5. Abatacept Improves Subclinical Arthritis in People at High Risk of RA
What’s new Subclinical arthritis is a precursor of the disease, in which people have biomarkers in their blood, such as rheumatoid factor or anticyclic citrullinated peptide (CCP) antibodies that indicate they have the disease, but they haven’t shown any signs of joint inflammation yet.
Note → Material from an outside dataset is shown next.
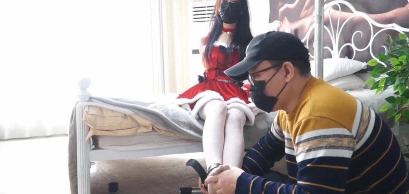 醒来后的眼镜小哥让小莉重新换上了一套圣诞服装,就在他玩的开心的时候,梦居然醒了。而另一边的小莉似乎也做了一个奇怪的梦。不过看样子眼镜小哥对于白天遇到的姑娘是朝思暮想了,于是快递小哥假装为小莉送快递上门。小莉接到快递后发现包裹里居然是几捆绳子,身后站着的眼镜小哥走到小莉身后说:“我送你的礼物喜欢吗?”眼镜小哥终于也是出手了,已送快递的名义成功混入小莉家中,接下来自然免不了将她好好的捆绑起来了~
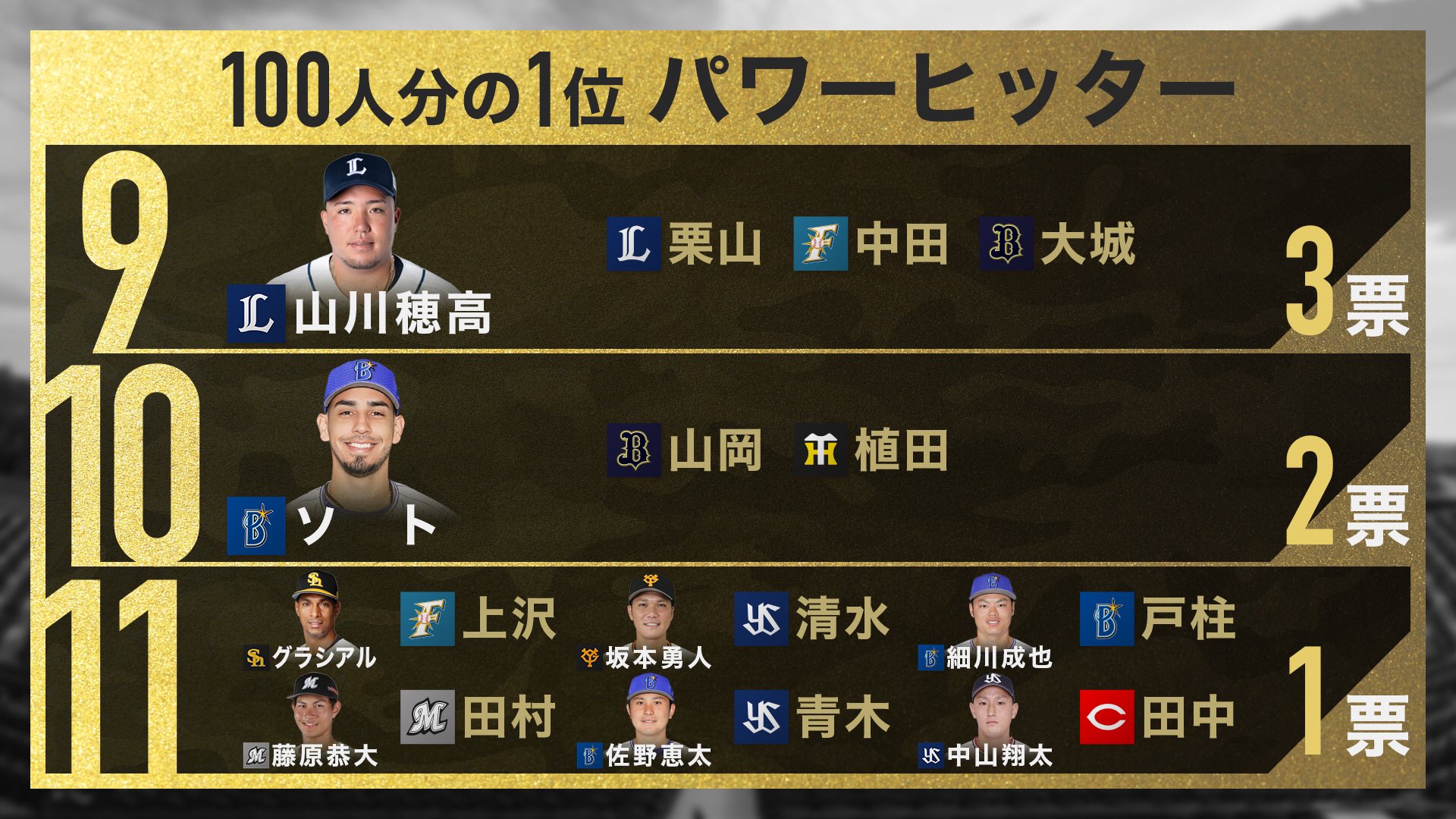 ▼2020年 S-PARK『プロ野球100人分の1位』パワーヒッター部門

A new study suggests that the medication Orencia (abatacept), an immunomodulator, improves subclinical arthritis in people at high risk of full-blown RA, and that early intervention may prevent or at least delay the onset of RA. Research details The study, known as ARIAA, was sponsored by University of Erlangen-Nürnberg Medical School in Germany. It looked at whether intervention with DMARDs or biologics might delay the onset of rheumatoid arthritis. In 14 different study sites, a total of 98 patients with subclinical RA were treated with either abatacept or a placebo for six months, and then were followed up for a year with no treatment. The results were that 61 percent in the abatacept group improved in at least one area (synovitis, tenosynovitis, and osteitis), while only 31 percent of the placebo group did. In addition, 17 people in the placebo group developed arthritis while only 4 people did in the abatacept group. Why it matters This study demonstrates that abatacept has the potential to improve early signs of arthritis in people at high risk of developing RA, posing the possibility that early intervention may prevent or delay RA onset. In his presentation at ACR 2021, Juergen Rech, MD, of the University Clinic Erlangen in Germany, told attendees: “Abatacept is superior to placebo in improving subclinical inflammation in RA at-risk patients and in inhibiting the progression to arthritis at six months. Use of abatacept in RA at-risk patients is safe, and no new safety issue emerged. We know that was also significant at 18 months, which means six months of treatment will delay or even prohibit that development of RA after 18 months.”